[fpc-devel] Unicode and UTF8String

Mon Dec 1 16:36:23 CET 2008

Martin Friebe schrieb:
> Marco van de Voort wrote:
>> In our previous episode, Martin Friebe said:
>>  
>>> Of course they are still there, to be used in the few parts of your
>>> code, where you specialize on whatever string type you deal with.
>>> But otherwise, using  RTLString  IMHO will abandon this part of
>>> pascal syntax.
>>>     
>> It removes ASCII legacy. I don't see you complaining about the fact that
>> char is not 8 bit anymore, and that that abandons that part of the pascal
>> syntax.
>>   
> It does not abandon the syntax.  It only adds to it's meaning (*adds*,
> any existing meaning is unaltered.).
> 
> I can still do:  foo[1]  for *any* type of string. (well yes even
> RTLstring, but see below)
> - If string happens to be an old ascii string, that still works as it
> always has
> - If string happens to be any unicode => that is still the same syntax,
> but with a new meaning.
>  The new meaning doe snot break anything, because it only applies to new
> types.
>  It is usable too, because I know, I am dealing with codepoints, or sub
> code points. And I know how they look, and how to identify them
> 
> The introduction of RTLString is fine. I do say it is a good thing.
> RTLString does not interfere with the above. In fact even for RTLstring
> the syntax  foo[1]  does exist. Just it is not useful. If I tread it as
> utf8 sub code point, I can be wrong. If I tread it as ascii, I can be
> wrong. If I tread it as UTF16 I can be wrong
> 
> My argument was not against RTLString. However it was my understanding
> that RTL functions will "enforce" RTLString.
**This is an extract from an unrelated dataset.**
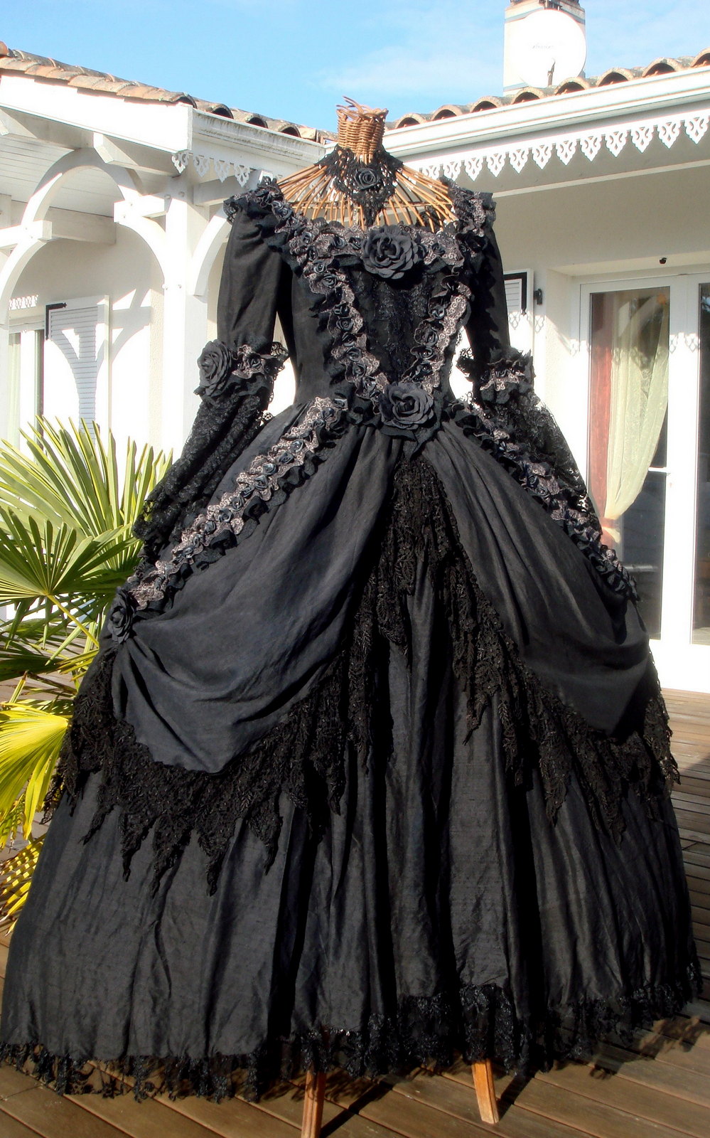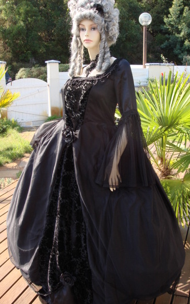 Mon compagnon étant en noir et ayant toujours eu un goût prononcé pour le style gothique que je trouve très élégant, j’ai donc recherché une Marie-Antoinette noire pour l’assortir à son costume. Je me suis axée plus précisément dans mes recherches sur les robes de veuvage mais la seule qui aurait pu convenir (photo ci-dessus) n’était pas assez ample pour être portée sur la crinoline ovale à paniers de l’autre robe.

That they will only exist
> for RTLString, and they will *not* exist for other string types.
> That I would call enforcing RTLString, because of penalties on using
> other string types.
> 
> I acknowledge, that if the end result of calling the RTL function, is an
> OS call, the conversation/penalty is always there. But not every RTL
> function ends up in an OS call.
> 
>>> I admit that the Problem started (and that has been discussed more
>>> than enough) starts with UTF8string (yes even with utf16 string). But
>>> in this case those functions became a new, but predictable meaning. I
>>> can do utf8string[1], and I can use the result. Only I have to be
>>> aware what it means.
>>>     
>>
>> Yes. As widestring[1] also requires interpretation. That's unicode.
>>   
> See above: Yes it requires interpretation. But it allows me to do so
> 
> I can not see how I can interpret RtlString[1]. If the result is bigger
> than 128, then I must know what type it is. If it is ANSI, it is a
> single byte char. If it is utf8, it is a sub-codepoint which will be
> part of a codepoint.
> If it is widestring, well yes, here breaks my assumption that
> RtlString[1] returns a byte.... ouch
> 

I see this as a theoretic consideration. Please give a real world (!)
code example when this causes a problem.

If you assign the result of an rtl function to an rtlstring, this means
you don't care about the type of rtlstring[1] or the knowledge, that
it's type is rtlchar is enough for you. If you assign it to an
ansistring/widestring whatever, you know what you get.